#### EXERCISE INSTRUCTIONS:
Apart from the pictures, everything in the lines below must be printed exactly.

▬▬▬

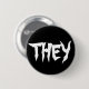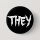 Bouton rond arrière - plan noir avec le mot "THEY" dans tous les casquettes dans une police qui est similaire à ce que les groupes de métal utilisent sur leurs pochettes d'album.
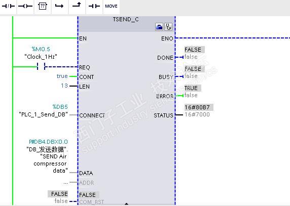 在做TCP通讯的时候老是报80B7 PLC做主站通讯不上 数据不能传出,请教大师指导下
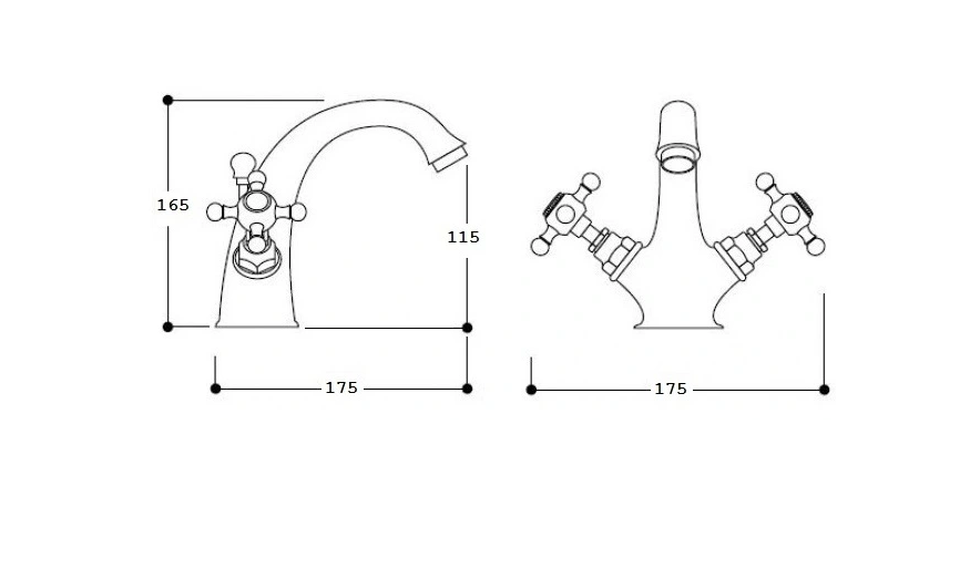 STILO 100 CH – dviejų rankenėlių, retro stiliaus praustuvo maišytuvas.
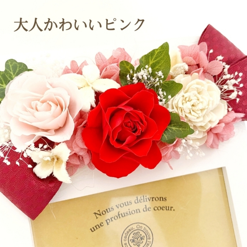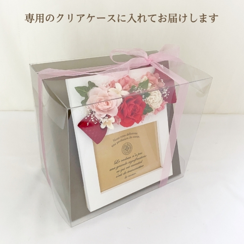 素材は木製で温かみのあるナチュラルなフレームに、プリザーブドフラワーを使用しました。
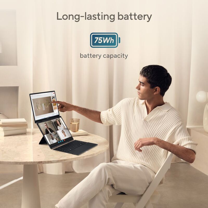 • Display: Dual 14 inch 3K (2880 x 1800) OLED touchscreens with 16:10 aspect ratio, 120Hz refresh rate, 0.2ms response time, 100% DCI P3 color gamut, and PANTONE Validated for vibrant and accurate visuals.
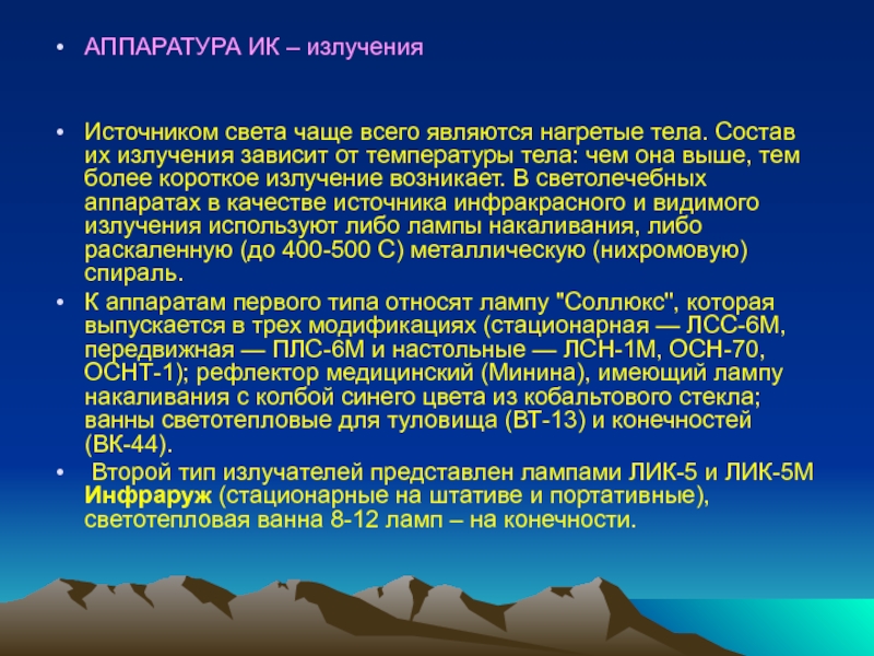 тем более короткое излучение возникает. В светолечебных аппаратах в качестве источника инфракрасного и видимого излучения используют либо лампы накаливания, либо раскаленную (до 400-500 С) металлическую (нихромовую) спираль.
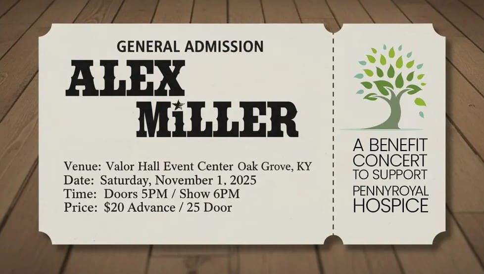 Former “American Idol” contestant and Kentucky Proud Spokesperson, Alex Miller is coming to Oak Grove to put on a show and help raise money for Pennyroyal Hospice this weekend.
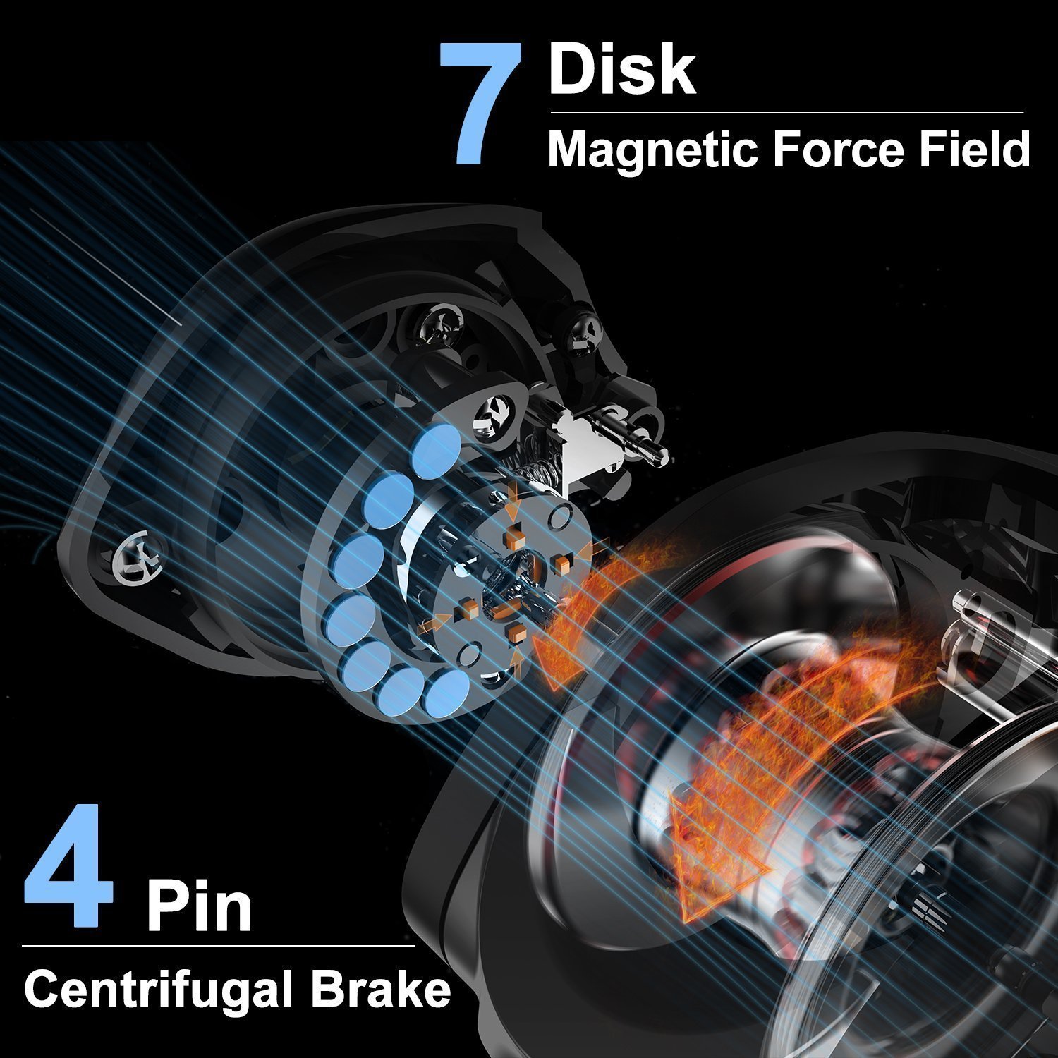 - Brake: 7 magnet brakes (side panel dial) + 4 pin shaft resistance brake (inside cover)
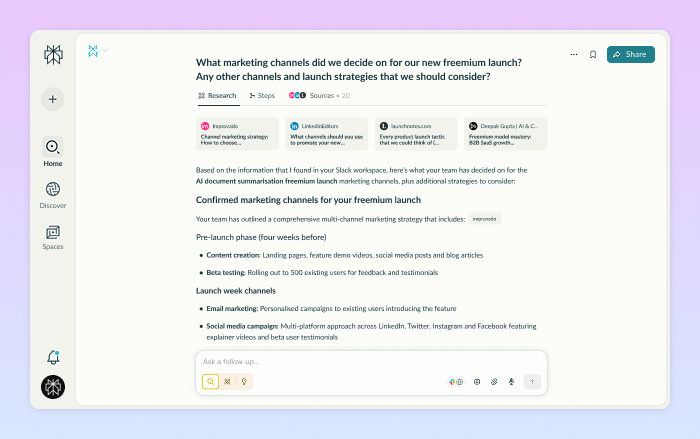 Perplexity provides real-time search and research capabilities directly in your Slack workspace.
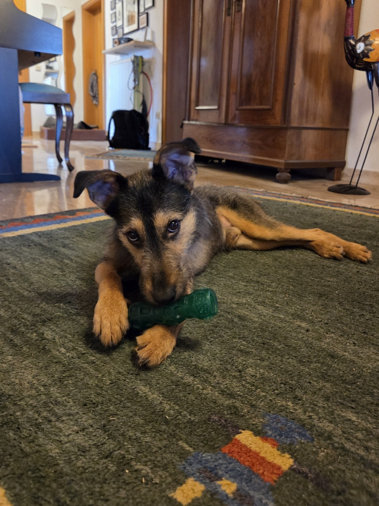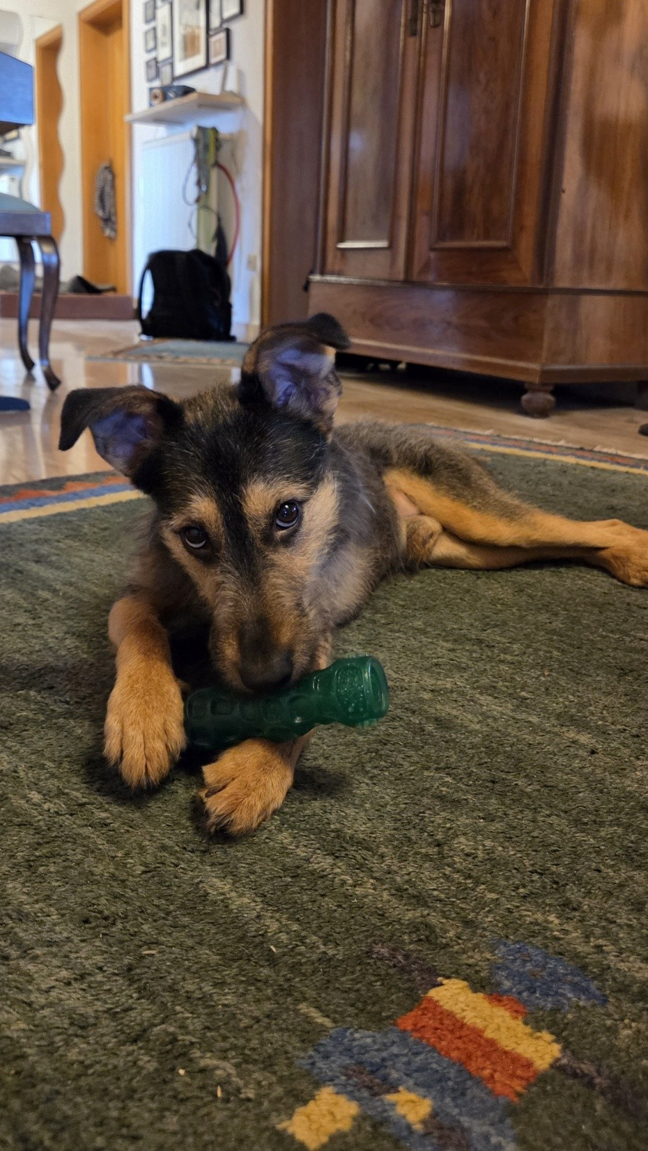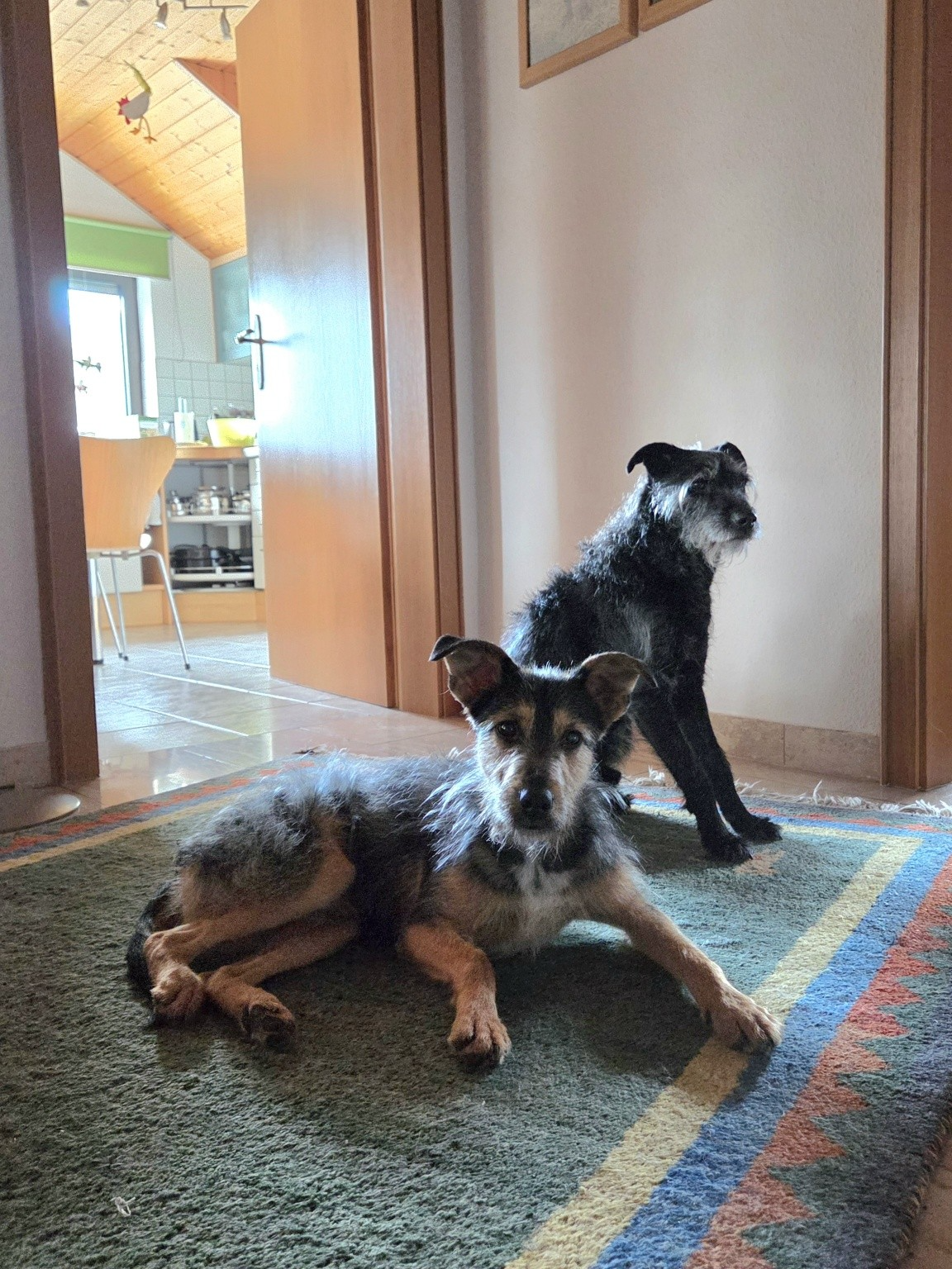 Völlig befreit ist er inzwischen ein eigenständiges Kerlchen, hat sich aus dem Schatten von Zeus gelöst uns braucht nur liebe Leute um sich rum. Ein Zweithund wäre toll zum Spielen, ist aber entgegen der ersten Einschätzung nicht zwingend notwendig.

▬▬▬

#### ANSWER TO THE PROBLEM:
 Bouton rond arrière - plan noir avec le mot "THEY" dans tous les casquettes dans une police qui est similaire à ce que les groupes de métal utilisent sur leurs pochettes d'album.
 在做TCP通讯的时候老是报80B7 PLC做主站通讯不上 数据不能传出,请教大师指导下
 STILO 100 CH – dviejų rankenėlių, retro stiliaus praustuvo maišytuvas.
 素材は木製で温かみのあるナチュラルなフレームに、プリザーブドフラワーを使用しました。
 • Display: Dual 14 inch 3K (2880 x 1800) OLED touchscreens with 16:10 aspect ratio, 120Hz refresh rate, 0.2ms response time, 100% DCI P3 color gamut, and PANTONE Validated for vibrant and accurate visuals.
 тем более короткое излучение возникает. В светолечебных аппаратах в качестве источника инфракрасного и видимого излучения используют либо лампы накаливания, либо раскаленную (до 400-500 С) металлическую (нихромовую) спираль.
 Former “American Idol” contestant and Kentucky Proud Spokesperson, Alex Miller is coming to Oak Grove to put on a show and help raise money for Pennyroyal Hospice this weekend.
 - Brake: 7 magnet brakes (side panel dial) + 4 pin shaft resistance brake (inside cover)
 Perplexity provides real-time search and research capabilities directly in your Slack workspace.
 Völlig befreit ist er inzwischen ein eigenständiges Kerlchen, hat sich aus dem Schatten von Zeus gelöst uns braucht nur liebe Leute um sich rum. Ein Zweithund wäre toll zum Spielen, ist aber entgegen der ersten Einschätzung nicht zwingend notwendig.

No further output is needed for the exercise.